For each incident resulting in loss of life or severe injury, a formal internal investigation is conducted and the lessons learned are shared with all operations in the Group. Necessary remedial actions derived from these investigations are also implemented at all sites of the Group to mitigate the possibility of repeat incidents or accidents.

 

Petra's annual Sustainability Report provides further information on its sustainable development policies and practices, covering areas such as Health and Safety, Environment, Community and Employment. It is available on the Petra website at www.petradiamonds.com/sustainability.

 

 

GROSS RESERVES & RESOURCES

Petra manages one of the world's largest diamond resources. This major resource suggests that the potential mine lives of Petra's assets could be considerably longer than the current mine plans in place at each operation, or could support significantly higher production rates. A summary of the Group's gross Reserves and Resources is below and the Group's full 2014 Resource Statement can be accessed at http://www.petradiamonds.com/operations/reserves-and-resources.

 

Gross Resources

As at 30 June 2014, the Group's gross Diamond Resources (inclusive of Reserves) decreased 3% to 301.1 Mcts (30 June 2013: 309.6 Mcts).

 

Apart from depletion by mining activity, the main reasons for an overall decrease in gross Diamond Resources were the sale of the Sedibeng and Star fissure operations (1.2 Mcts), the application of a revised resource model at Williamson (resulting in the total Resource decreasing by 6.3 Mcts due to a lower grade attributed to the K1, K1A and K2/KT facies in the 'diatreme' portion of the orebody - currently not in the LOM business plan), and a 0.8 Mcts decrease in the total Resource at Kimberley Underground (mainly due to a reduced grade on the East Blow section of Dutoitspan, based on new sampling results).

 

These decreases were countered by a 0.5 Mcts increase at Finsch due to re-modelling of Finsch Block 4 with PCBC software, and a 0.6 Mcts increase at Koffiefontein due to the base of the mine's Resource being taken to 720 metres, based on new sampling results.

 

Gross Reserves

The Group's gross Diamond Reserves increased 1.5% to 55.2 Mcts (30 June 2013: 54.4 Mcts), mainly owing to re-calibration of the Finsch Block 4 PCBC model, and new PCSLC and PCBC modelling of the Finsch Block 5 Sub Level Cave and Block Cave respectively.

 

The following table summarises the gross Reserves and Resources status of the combined Petra Group operations as at 30 June 2014.

 

 

Category

Gross

Tonnes

(millions)

Grade

(cpht)

Contained Diamonds

(Mcts)

Reserves

Proved

1.0

49.2

0.50

Probable

121.8

44.9

54.74

Sub-total

122.9

45.0

55.24

 

Resources

Measured

14.5

7.1

1.03

Indicated

447.5

49.7

222.51

Inferred

1289.9

6.0

77.61

Sub-total

1751.9

17.2

301.16

 

 

 

OUTLOOK

The entire team at Petra has worked hard to pave the way for the Company's future success.

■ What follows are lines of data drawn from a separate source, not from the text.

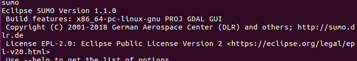 sudo make install7. 验证sumo是否安装成功,输入sumo,将出现以下信息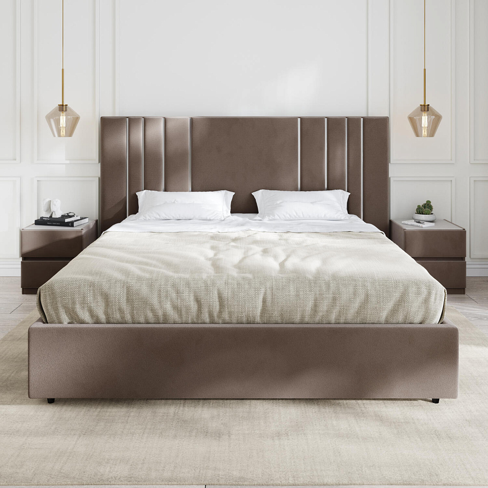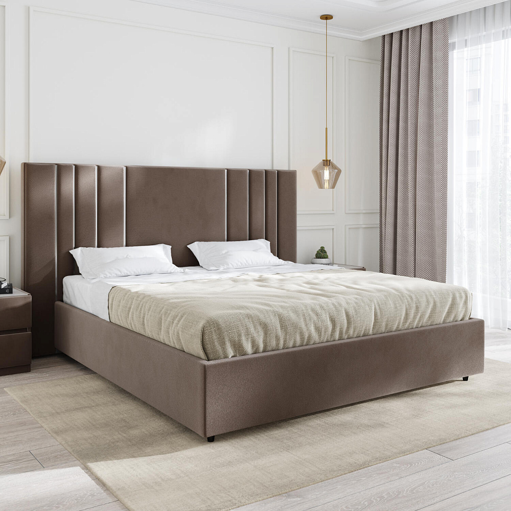 Мягкая кровать «Рания» создана для воплощения смелых интерьерных решений. Высокое изголовье декорировано узором из вертикальных металлизированных вставок, утопающих в изголовье. Под решёткой с подъёмным механизмом предусмотрен вместительный бельевой короб. Надежное основание и правильно подобранный матрас обеспечат необходимый уровень для здорового сна и отдыха.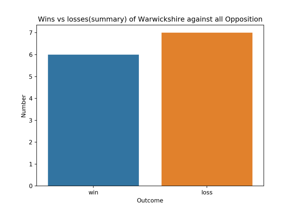 yka.plotWinLossByTeamAllOpposition(w_matches,'Warwickshire')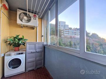 Genova - Prime alture di Voltri. Proponiamo un appartamento di 92 mq situato all'ultimo piano di un edificio costruito nei primi anni 80 e dotato di ascensore. L'immobile si distingue per la sua disposizione funzionale e gli spazi generosi. L'ingresso si apre su un ampio soggiorno, che conduce a una loggia vivibile con vista mare, ideale per momenti di relax. La cucina abitabile, si affaccia su un balcone verandato, perfetto da utizizzare come spazio aggiuntivo. La proprietà comprende, inoltre, due camere da letto, entrambe matrimoniali, doppi servizi che garantiscono comodità per tutta la famiglia, ed una dispensa. La cantina, di ampia metratura, si trova al piano fondi del caseggiato. Piazzola condominiale di uso comune adibita a parcheggio. Il box auto è compreso nel prezzo e vi è la possibilità di acquistarne un altro, entrambi nelle immediate vicinanze del portone di accesso al condominio. Il riscaldamento è termoautonomo. Condizionatori a pompa di calore caldo / freddo nelle due camere da letto. Porta blindata e infissi in triplo taglio termico. Questa soluzione abitativa rappresenta un'opportunità per chi cerca un ambiente accogliente e ben collegato, in zona tranquilla, con tutti i vantaggi di vivere all'ultimo piano.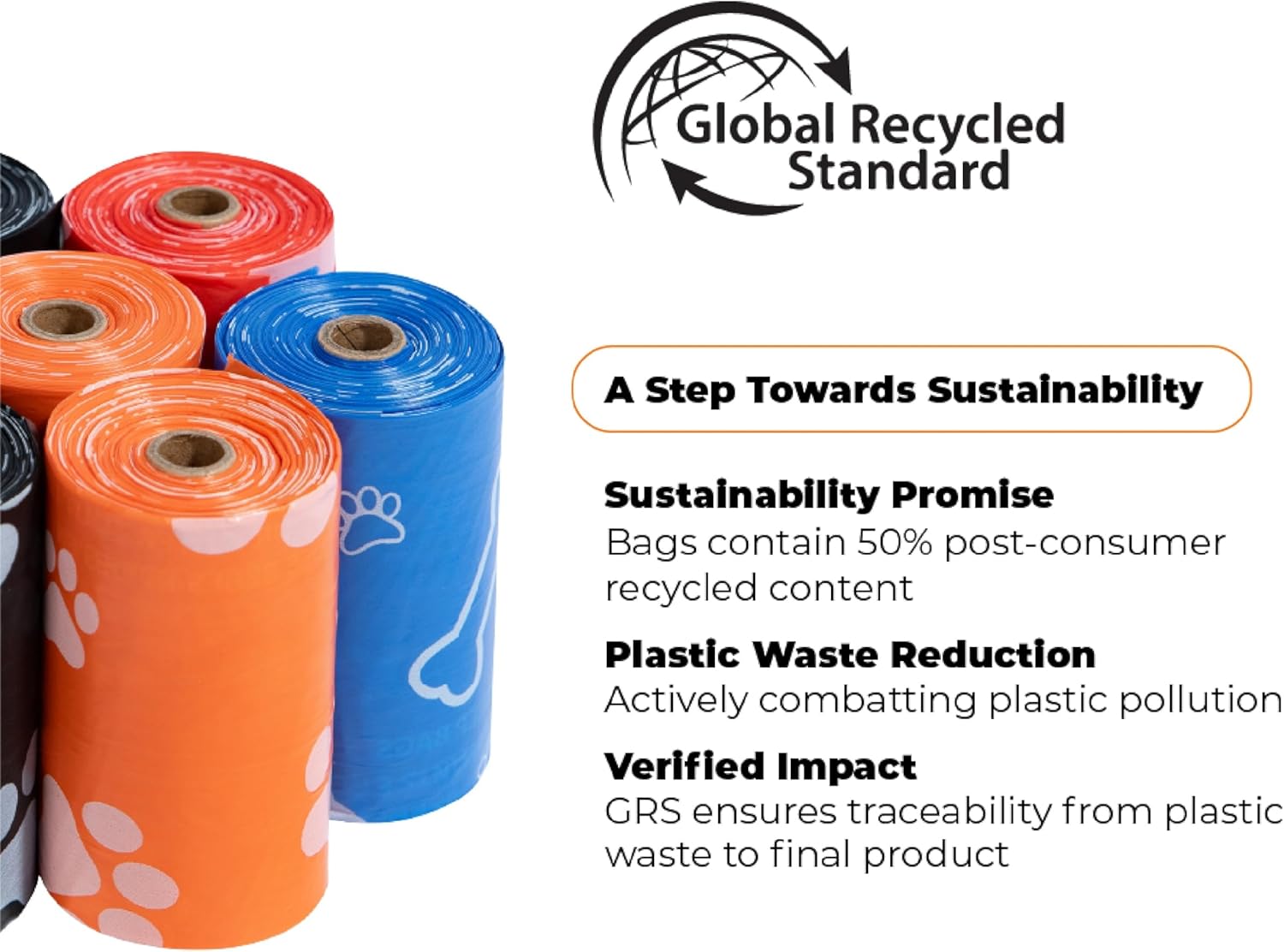 - Sustainability Promise: Embrace sustainability with every clean-up; our bags contain 50% post-consumer recycled content, making them an ideal choice for environmentally conscious pet owners. Using our certified poop bags for dogs not only reduces waste but also supports a greener planet with every use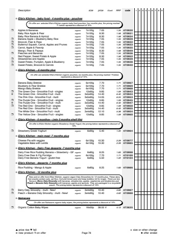 Descriptionsize price%u00a3/unitRRPcode123456789%u274aElla's Kitchen - baby food - 4 months plus - pouches%u2752Apples & Bananasorganic7x120g 7.051.34470930Baby Rice Apple & Pear organic7x120g 8.301.58470931Baby Rice Banana & Apricot organic7x120g 8.301.58470934%u2752Banana Apple + Blueberry Baby Riceorganic7x120g 7.051.34470929%u2752Broccoli, Pear & Peasorganic7x120g 7.051.34470932%u2752Butternut Squash, Carrot, Apples and Prunesorganic7x120g 7.051.34470933%u2752Carrot, Apple & Parsniporganic7x120g 7.051.34470935Mango, Pear & Papayaorganic7x120g 8.301.58470949%u2752Peaches and Bananasorganic7x120g 7.051.34470936Red Pepper, Sweet Potato & Appleorganic7x120g 8.301.58470952%u2752Strawberries and Applesorganic7x120g 7.051.34470939%u2752Sweet Potato, Pumpkin, Apple & Blueberryorganic7x120g 7.051.34470938%u2752Sweet Potato, Broccoli & Carrotsorganic7x120g 7.051.34470940%u274aElla's Kitchen - 6 months plusBanana Baby Brekkieorganic6x100g 7.701.71470967Blueberry & Pear Brekkieorganic6x100g 7.701.71470969Mango Baby Brekkieorganic6x100g 7.701.71470968%u2752The Green One - Smoothie Fruit - singlesorganic12x90g 9.851.09470943%u272bThe Green One - Smoothie Fruit - multiorganic3x5x90g 14.406.40470944The Pink One - Smoothie Fruit - multiorganic3x5x90g 14.056.24470953%u2752The Purple One - Smoothie Fruit - singlesorganic12x90g 9.851.09470945%u272bThe Purple One - Smoothie Fruit - multiorganic3x5x90g 14.406.40470947%u2752The Red One - Smoothie Fruit - singlesorganic12x90g 9.851.09470950The Red One - Smoothie Fruit - multiorganic3x5x90g 14.406.40470955The White One - Smoothie Fruit - multiorganic3x4x90g 12.105.38470954%u2752The Yellow One - Smoothie Fruit - singlesorganic12x90g 9.851.09470960%u274aElla's Kitchen - 6 months+ - (min 5 months shelf life)%u2752Strawberry Greek Yoghurtorganic6x90g 5.401.20470964%u274aElla's Kitchen - main meal -7 months plusCheese Pie with veggiesorganic6x130g 10.302.29470977Vegetable Bake with Lentilsorganic6x130g 10.302.29470985%u274aElla's Kitchen - Dairy Free desserts -7 months plusDairy Free Rice Pudding Banana + Strawberry - GForganic6x80g 8.251.83470998Dairy Free Pear & Fig Porridgeorganic6x100g 7.701.71470100Dairy Free Banana Yogurt - gluten freeorganic6x90g 5.501.22470104%u274aElla's Kitchen - desserts -7 months plusRice Pudding - Mango & Appleorganic6x80g 8.251.83470986%u274aElla's Kitchen - 12 months plus%u2752Berry Oaty Smooshy - multi - New!organic3x4x90g 10.404.62470987%u2752Peach + Banana Oaty Smooshy - multi - New!organic3x4x90g 10.404.62470988%u274aNatracare%u2752Organic Cotton Baby Wipesorganic16x50p 38.55 V4.13472635 New and on offer from Ellas' Kitchen, organic vegan Oaty Smooshies for 12 months plus. These dairyfree snacks contain oats, oat flour, fruit and lemon juice and keep toddlers full for longer. There are twoflavours:Berry Oaty Smooshy with bananas, strawberries, apples, raspberries and blueberries and Peach + Banana Oaty Smooshy with bananas, apples and apricots. They are packaged in a recyclablepouch. The pricing below represents a discount of 15%. On offer are selected Ella's Kitchen organic baby food pouches, four months plus, the pricing marked %u2752 below represents a discount of 15%. On offer are selected Ella's Kitchen organic pouches, six months plus, the pricing marked%u2752 belowrepresents a discount of 15%. On offer is Ella's Kitchen organic Strawberry Greek Yogurt, the pricing below represents a discount of15%. On offer are Natracare organic baby wipes, the pricing below represents a discount of 10%.%u25b2price rise %u25bcfall%u2748new product %u2752on offerPage 78%u272bsize or other change%u25c6offer ended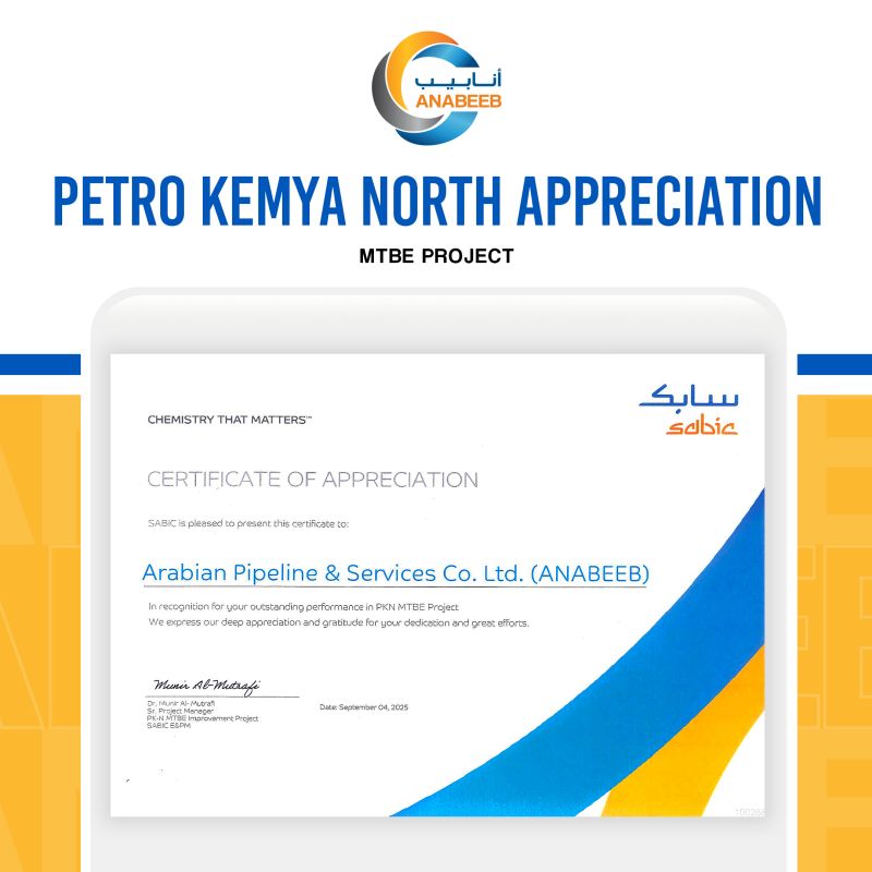 ANABEEB is proud to announce the successful completion of the Petro Kemya North MTBE project. Our team delivered a high-quality outcome while upholding our commitment to the highest safety and quality standards. We appreciate the client's recognition and are grateful for the opportunity to contribute to their success.
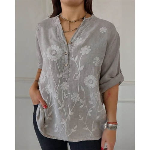 Per donna Camicia Top Eleganti Floreale Grafico Semplice Elegante Signore Classico Manica Lunga Scollo a V Top Regolari Lavoro Quotidiano Ferie Bottoni Stampato Bianco Cachi Grigio Primavera Autunno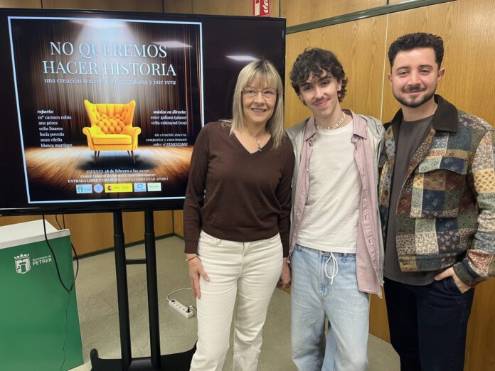La Concejalía de Juventud, en colaboración con la Concejalía de Igualdad y el patrocinio del Ministerio de Igualdad, ha organizado la representación de la obra teatral “No queremos hacer historia”, obra, escrita y dirigida por Mercé Galiana y José Vera.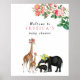 Belles illustrations vintages d'animaux de la jungle et d'accents roses floraux. Une mère et une petite girafe lavées de roses roses avec une mère et un bébé éléphant encore lavés de roses jaunes. Roses botaniques roses positionnées dans le coin avec nom customisé placé au milieu. Customisez le nom et faites-le vous-même. Panneau de bienvenue idéal pour le baby shower. Visitez notre boutique pour voir toute notre collection.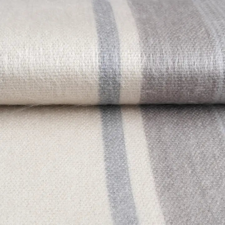 The Silver Birch Alpaca Blanket blends soft ivory, heather grey, and pale blue in a serene striped pattern that speaks to understated luxury. Crafted from a premium alpaca blend, this throw delivers lightweight warmth, exceptional softness, and a clean, elevated aesthetic perfect for modern interiors. A versatile option for upscale home decor retailers, lifestyle boutiques, and design-forward spaces, this throw offers high perceived value and artisan quality with commercial appeal. Ideal for merchandising across multiple collections. Perfect for: Gifting, cozying up by the fire, or adding a pop of rich color to neutral decor.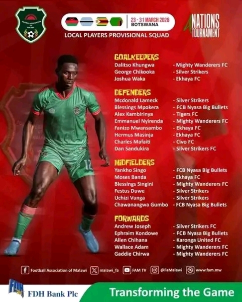 Mphunzitsi watimu ya dziko lino, Kalisto Pasuwa, wayitana 22 omwe alowe m'bindikiro kukonzekera masewero a matimu anayi ku Botswana kumathero a mwezi uno.

We are now well advanced with all our expansion plans and are coming ever closer to the time when the production profile will move from mostly diluted to mostly undiluted ore sources. This will see a major shift in the economics of our operations, as our diamond grade, average value per carat and associated operating margins rise significantly.

 

I would like to take this opportunity to extend my sincere thanks to all the Petra employees and stakeholders, as well as our Government and BEE partners, who are so integral to the fulfilment of our strategy to build a leading independent diamond mining group.

 

 

Johan Dippenaar

CEO

18 September 2014

 

Notes

1. The following exchange rates have been used for this announcement: US$: ZAR10.63 (FY 2013: US$: ZAR9.88); average for the Year: US$: ZAR10.38 (FY 2013: US$: ZAR8.84)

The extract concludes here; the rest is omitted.